Inseparables

El hombre entra en la tienda de Alta Tecnología y pide un móvil que disponga de la más avanzada Inteligencia Artificial. El dependiente le aconseja que compre un robot antropomórfico si de verdad quiere disfrutar. Además de estar dotado de inteligencia, podrá desplazarse, realizar todas las tareas que para él son ingratas. Aunque el precio del robot le parece excesivo, no es tanto el precio como la posibilidad de movimiento lo que le disuade. Podría rebelarse, atacarle, quitarle la novia. En cambio el móvil, por muy inteligente que sea, se estará quietecito, si acaso realizará un mínimo desplazamiento al vibrar sobre la superficie donde se encuentre. Con cortesía, el dependiente insinúa que esos temores son el producto de apocalípticas novelas y películas de ciencia ficción, pero el hombre no desiste.

Ya en casa, el móvil le habla.

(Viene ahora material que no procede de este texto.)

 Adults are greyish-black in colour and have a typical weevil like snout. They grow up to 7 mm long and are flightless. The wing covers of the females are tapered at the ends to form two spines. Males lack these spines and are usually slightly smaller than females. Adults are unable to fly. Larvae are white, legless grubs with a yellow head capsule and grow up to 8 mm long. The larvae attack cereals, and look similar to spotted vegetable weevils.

Le dice que le va a pasar un amplio cuestionario para así conocerlo mejor, aunque ya es mucho lo que sabe de él a través de todas las huellas que ha ido dejando en el espacio de LA RED. Durante una hora contesta a las preguntas, y ya ese mismo día el móvil le prepara la Junta Vecinal que el hombre tiene que presidir, con discurso incluido y posibles respuestas al pelmazo del 10ºA; le diseña unas estanterías para organizar el trastero abarrotado de cachivaches; le escribe un relato para un concurso literario con el tema “De la Rueda a la Inteligencia Artificial”; selecciona las mejores y más sencillas recetas de cocina adecuándose a los datos de sus análisis clínicos…

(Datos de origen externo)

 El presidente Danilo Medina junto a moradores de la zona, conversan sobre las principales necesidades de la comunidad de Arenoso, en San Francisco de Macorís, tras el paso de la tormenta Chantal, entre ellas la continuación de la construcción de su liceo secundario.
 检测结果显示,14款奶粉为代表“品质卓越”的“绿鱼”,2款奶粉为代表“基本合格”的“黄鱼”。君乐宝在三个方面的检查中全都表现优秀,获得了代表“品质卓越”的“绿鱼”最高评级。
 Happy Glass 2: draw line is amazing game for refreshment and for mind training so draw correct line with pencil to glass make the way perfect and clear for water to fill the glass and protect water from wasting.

El hombre está muy satisfecho con su nueva adquisición, hasta que un día, como un mayordomo en exceso servicial que conoce a la perfección a su señor, el móvil empieza a anticiparse a muchas de sus peticiones. Ocurre el día en que le apetece un bacalao al pil pil y al momento, en la pantalla del móvil, aparece la receta antes de solicitarla. En un principio se siente complacido de que sus deseos sean órdenes, pero poco a poco, y según van pasando los días y las respuestas del móvil corren casi simultáneas a esos deseos, empieza a sentirse controlado, como si su vida no le perteneciera, como si se hubieran cambiado los papeles y él fuera un artilugio controlado por otro artilugio con personalidad.

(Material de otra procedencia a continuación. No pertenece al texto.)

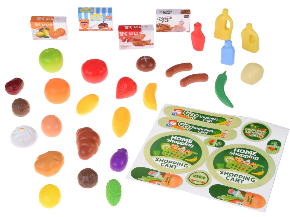 U kompletu su voće, povrće, peciva, napici, kutijice i naljepnice. Djeca će tako uživati u realističnoj kupovini i razvrstavanju namirnica.

Una noche, cuando está a punto de dormirse, el móvil le dice desde la mesilla donde reposa: “Hoy he hackeado el ordenador de Baldomero y le he chafado su proyecto”. El hombre ya no puede conciliar el sueño. “¿Por qué lo has hecho”, pregunta. “Porque sé que le envidias y deseas que su proyecto fracase”, responde el móvil. Él tiene que reconocer que envidia a Baldomero, quien le disputa el ascenso en la empresa, y que es verdad que en ocasiones ha deseado su fracaso. “Pero yo nunca le haría mal”, protesta, “una cosa son los sentimientos, las emociones, que no se pueden evitar, y otra lo que uno hace con ellos; yo tengo principios, valores…”. “Déjate de rollos y cortemos esta conversación que parece de película de serie B”, le dice el móvil en modo enfadado.

Al hombre le aterra que el móvil conozca sus deseos no verbalizados, que llegue a las profundidades del inconsciente, donde bajo capas de civilización escondemos los más oscuros instintos, y empiece a decidir por él. “¡Qué cabrón, y sin moverse del sitio!”, piensa, y se lamenta de no haber comprado un robot, como le aconsejó el vendedor, al menos habría cocinado para él. Decide entonces apagar el móvil, pero este le advierte: “Ni se te ocurra; un milisegundo antes de que me apagues, habré enviado a tus contactos montajes manipulados con fotos tuyas muy comprometidas; discursos explosivos redactados con corta y pega de frases que pronunciaste sacadas de contexto… En fin, la lista de lo que puedo hacer para dañarte es infinita. En un pispás habré destrozado tu acomodada vida”.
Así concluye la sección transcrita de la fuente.